What EKG finding is commonly seen in dilated cardiomyopathy?

Explanation:
In dilated cardiomyopathy, the heart undergoes dilation and systolic dysfunction, and the conduction system can become affected as the ventricle remodels. This often translates to changes on the ECG that include conduction abnormalities—most commonly Left Bundle Branch Block—and nonspecific repolarization abnormalities reflected as nonspecific ST-T changes. The combination of nonspecific ST-T changes with Left Bundle Branch Block is a pattern you can see in dilated cardiomyopathy because the dilated, scar-prone ventricle disrupts normal conduction and alters repolarization across multiple leads. It captures both a conduction delay and the global, non-specific repolarization disturbances that accompany the structural changes in DCM. Peaked T waves point more toward conditions like hyperkalemia, where the T waves become tall and narrow. A short QT interval suggests electrolyte disturbances or certain genetic syndromes, not typically a hallmark of dilated cardiomyopathy. The idea of no abnormalities is unlikely in DCM, since the structural disease frequently produces recognizable changes on ECG, especially conduction delays such as Left Bundle Branch Block.

In dilated cardiomyopathy, the heart undergoes dilation and systolic dysfunction, and the conduction system can become affected as the ventricle remodels. This often translates to changes on the ECG that include conduction abnormalities—most commonly Left Bundle Branch Block—and nonspecific repolarization abnormalities reflected as nonspecific ST-T changes.

The combination of nonspecific ST-T changes with Left Bundle Branch Block is a pattern you can see in dilated cardiomyopathy because the dilated, scar-prone ventricle disrupts normal conduction and alters repolarization across multiple leads. It captures both a conduction delay and the global, non-specific repolarization disturbances that accompany the structural changes in DCM.

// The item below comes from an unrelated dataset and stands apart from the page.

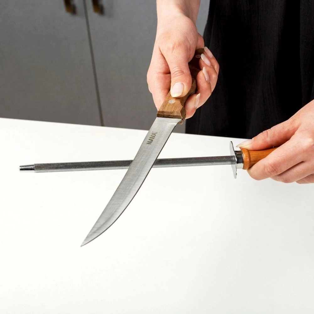 Tradycyjna ostrzałka do stalowych noży. Odpowiednia dla noży bez ząbkowanych i ceramicznych ostrzy. Z jej pomocą możemy naostrzyć każdy nóż w sytuacji, gdy już się stępił. Posiada wygodną rączkę, która zapewni wygodne użytkowanie. Oryginalny produkt greckiej marki NAVA z linii przyborów kuchennych Terrestrial. Wyprodukowano zgodnie z europejskimi standardami.

Peaked T waves point more toward conditions like hyperkalemia, where the T waves become tall and narrow. A short QT interval suggests electrolyte disturbances or certain genetic syndromes, not typically a hallmark of dilated cardiomyopathy. The idea of no abnormalities is unlikely in DCM, since the structural disease frequently produces recognizable changes on ECG, especially conduction delays such as Left Bundle Branch Block.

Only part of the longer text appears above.